--- Material shown ---

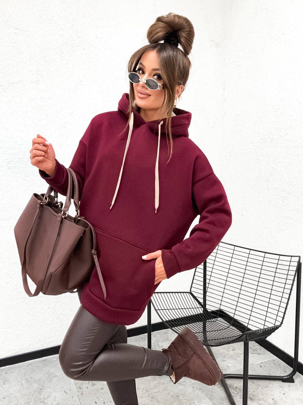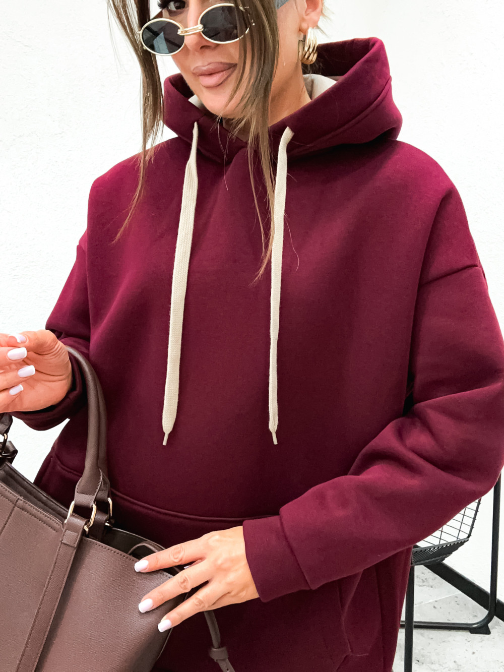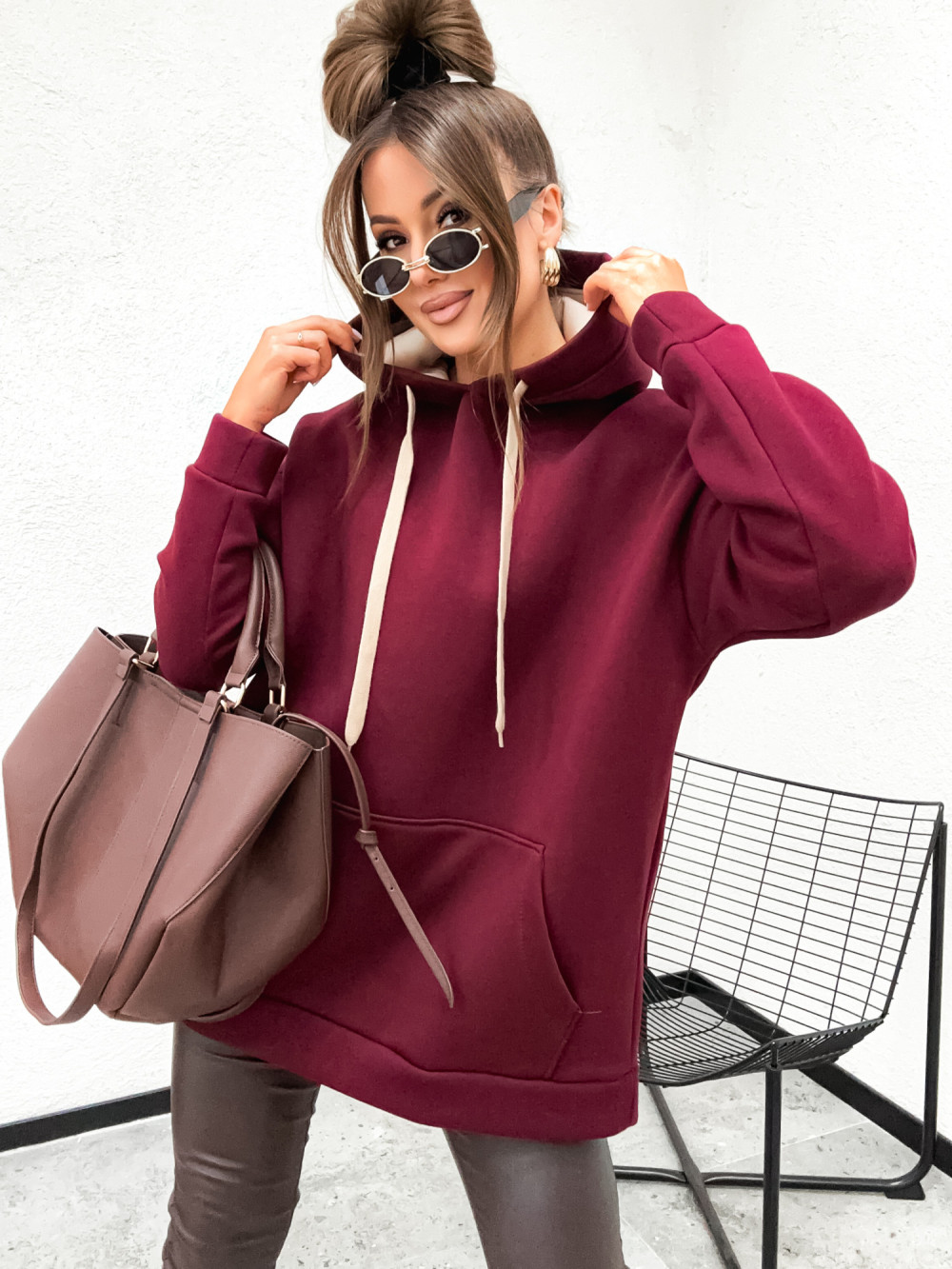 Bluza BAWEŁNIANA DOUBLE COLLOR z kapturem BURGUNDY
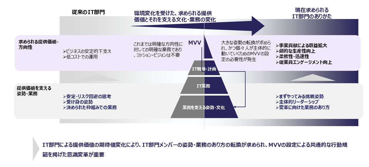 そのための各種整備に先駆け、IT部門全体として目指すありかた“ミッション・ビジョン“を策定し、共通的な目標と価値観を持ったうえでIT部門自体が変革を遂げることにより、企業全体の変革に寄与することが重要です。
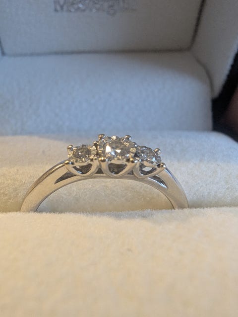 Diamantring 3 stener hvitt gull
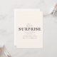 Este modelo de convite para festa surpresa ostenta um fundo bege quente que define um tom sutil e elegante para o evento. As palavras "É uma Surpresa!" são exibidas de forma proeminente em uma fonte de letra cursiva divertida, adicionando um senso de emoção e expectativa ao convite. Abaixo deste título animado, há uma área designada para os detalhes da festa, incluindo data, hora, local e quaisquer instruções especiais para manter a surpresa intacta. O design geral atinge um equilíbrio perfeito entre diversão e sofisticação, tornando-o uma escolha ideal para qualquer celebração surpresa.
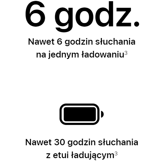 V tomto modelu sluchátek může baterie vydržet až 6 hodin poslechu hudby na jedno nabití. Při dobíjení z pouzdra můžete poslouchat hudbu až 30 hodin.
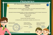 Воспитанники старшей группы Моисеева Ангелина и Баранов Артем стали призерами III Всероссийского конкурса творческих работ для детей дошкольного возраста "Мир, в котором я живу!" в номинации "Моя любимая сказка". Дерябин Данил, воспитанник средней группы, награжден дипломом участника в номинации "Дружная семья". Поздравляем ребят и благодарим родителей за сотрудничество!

---

- What to work on
Each of the lines above should be transcribed exactly; no image is to be copied.

- Task answer
 Bluza BAWEŁNIANA DOUBLE COLLOR z kapturem BURGUNDY
 そのための各種整備に先駆け、IT部門全体として目指すありかた“ミッション・ビジョン“を策定し、共通的な目標と価値観を持ったうえでIT部門自体が変革を遂げることにより、企業全体の変革に寄与することが重要です。
 Diamantring 3 stener hvitt gull
 Este modelo de convite para festa surpresa ostenta um fundo bege quente que define um tom sutil e elegante para o evento. As palavras "É uma Surpresa!" são exibidas de forma proeminente em uma fonte de letra cursiva divertida, adicionando um senso de emoção e expectativa ao convite. Abaixo deste título animado, há uma área designada para os detalhes da festa, incluindo data, hora, local e quaisquer instruções especiais para manter a surpresa intacta. O design geral atinge um equilíbrio perfeito entre diversão e sofisticação, tornando-o uma escolha ideal para qualquer celebração surpresa.
 V tomto modelu sluchátek může baterie vydržet až 6 hodin poslechu hudby na jedno nabití. Při dobíjení z pouzdra můžete poslouchat hudbu až 30 hodin.
 Воспитанники старшей группы Моисеева Ангелина и Баранов Артем стали призерами III Всероссийского конкурса творческих работ для детей дошкольного возраста "Мир, в котором я живу!" в номинации "Моя любимая сказка". Дерябин Данил, воспитанник средней группы, награжден дипломом участника в номинации "Дружная семья". Поздравляем ребят и благодарим родителей за сотрудничество!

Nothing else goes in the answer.